Z Ardą Gulerem w blasku, Brahimem Diazem grającym inteligentnie i systematycznie oraz Kylianem Mbappe w drodze powrotnej, Rodrygo jest spychany z pola widzenia. Nie zapominajmy też o Mastantuono – 18-letnim debiutancie z tendencją do gry po prawej stronie – który nadal będzie wywierał presję na swojej preferowanej pozycji.
Kto jeszcze wierzy w Rodrygo Goes?
Największym wyzwaniem Rodrygo nie jest obecnie technika, kondycja ani doświadczenie – to utrata pewności siebie. Od Carlo Ancelottiego – który bezlitośnie zdjął go z boiska w finale Pucharu Króla – po Xabiego Alonso, obaj wyrażali wątpliwości co do jego formy i wpływu na grę.
Nie da się usprawiedliwiać kontuzji, skoro sam zawodnik nie wypowiada się jasno na temat swojego stanu zdrowia, publikując jedynie znaczące informacje w mediach społecznościowych: „Wkrótce wrócę. Nie wymyślaj bajek”.

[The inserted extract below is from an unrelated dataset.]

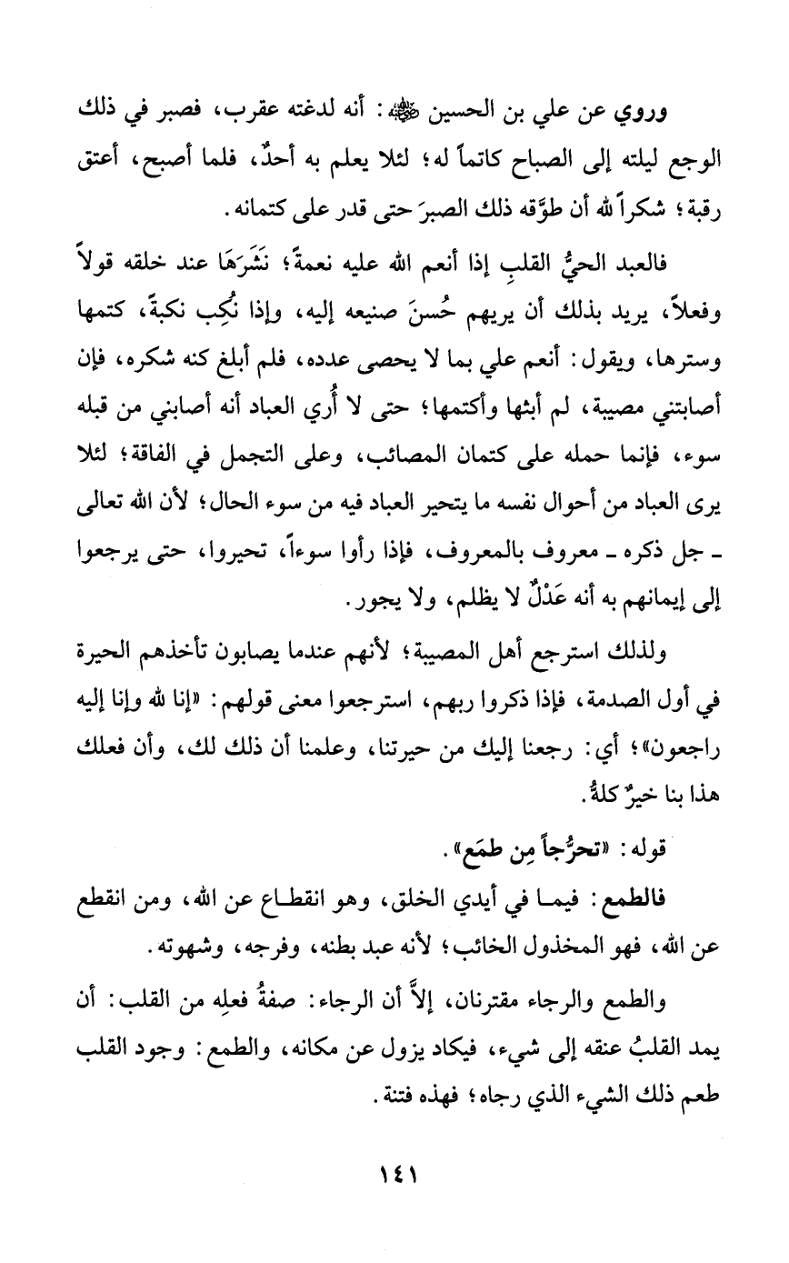 وروي عن علي بن الحسين رضي الله عنه: أنه لدغته عقرب، فصبر في ذلك الوجع ليلته إلى الصباح كاتماً له؛ لئلا يعلم به أحدٌ، فلما أصبح، أعتق رقبة؛ شكراً لله أن طوقه ذلك الصبر حتى قدر على كتمانه.

Przyszłość Rodrygo Goesa w Realu Madryt jest niepewna. |
A potem Rodrygo wrócił – nie jako ostra włócznia, ale jako niknący cień na ławce rezerwowych. W meczu z Pachucą Real zmienił całą linię pomocy, cały atak, a nawet wprowadził środkowego obrońcę, żeby poczuć grę.

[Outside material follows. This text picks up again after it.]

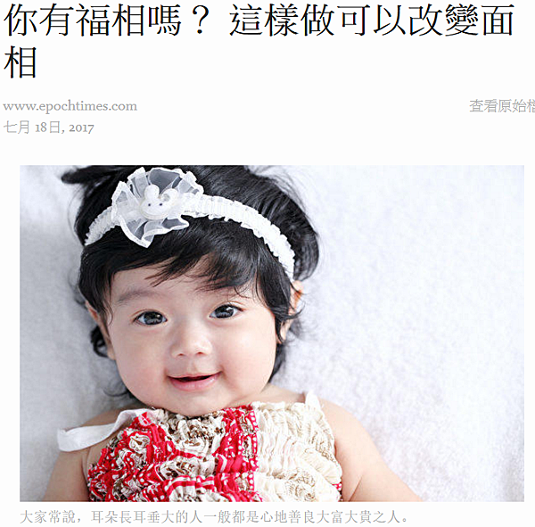【大紀元2017年07月18日訊】(大紀元記者周慧心綜合報導)有些人一眼看去就給人慈眉善目的感覺,而有些人一看就覺得不善。在面相學中,有一句名言叫做「相由心生」,即是說有什麼樣的心境,就有什麼樣的面相。那麼什麼樣的面相是福相?怎樣才能變得更有福相呢?

Ale Rodrygo nie był. Nic nie wskazywało na to, że nadal brał udział w jakichkolwiek taktycznych kalkulacjach Alonso.
Pytanie brzmi, jeśli Rodrygo nie zapewni sobie miejsca tego lata, jaka będzie jego przyszłość? Real Madryt musi sprzedać zawodników, aby zrównoważyć budżet po serii głośnych transakcji, a Rodrygo – nazwisko atrakcyjne i o dużej wartości rynkowej – jest oczywiście najlepszym kandydatem.
Premier League czeka i wiele drużyn jest gotowych wydać krocie, aby mieć w drużynie „numer 11”, który kiedyś był postrachem wieczorów Ligi Mistrzów.
Rodrygo nie stracił wszystkiego. Ale żeby zostać na Bernabéu – i co ważniejsze, żeby naprawdę dostać szansę – musi zrobić więcej, niż pokazał. W przeciwnym razie odejście latem jest nieuniknione.
Rodrygo „unosi się w powietrzu” – nie dlatego, że lata, ale dlatego, że nie ma dla niego miejsca. A w Realu Madryt oznacza to swobodny spadek.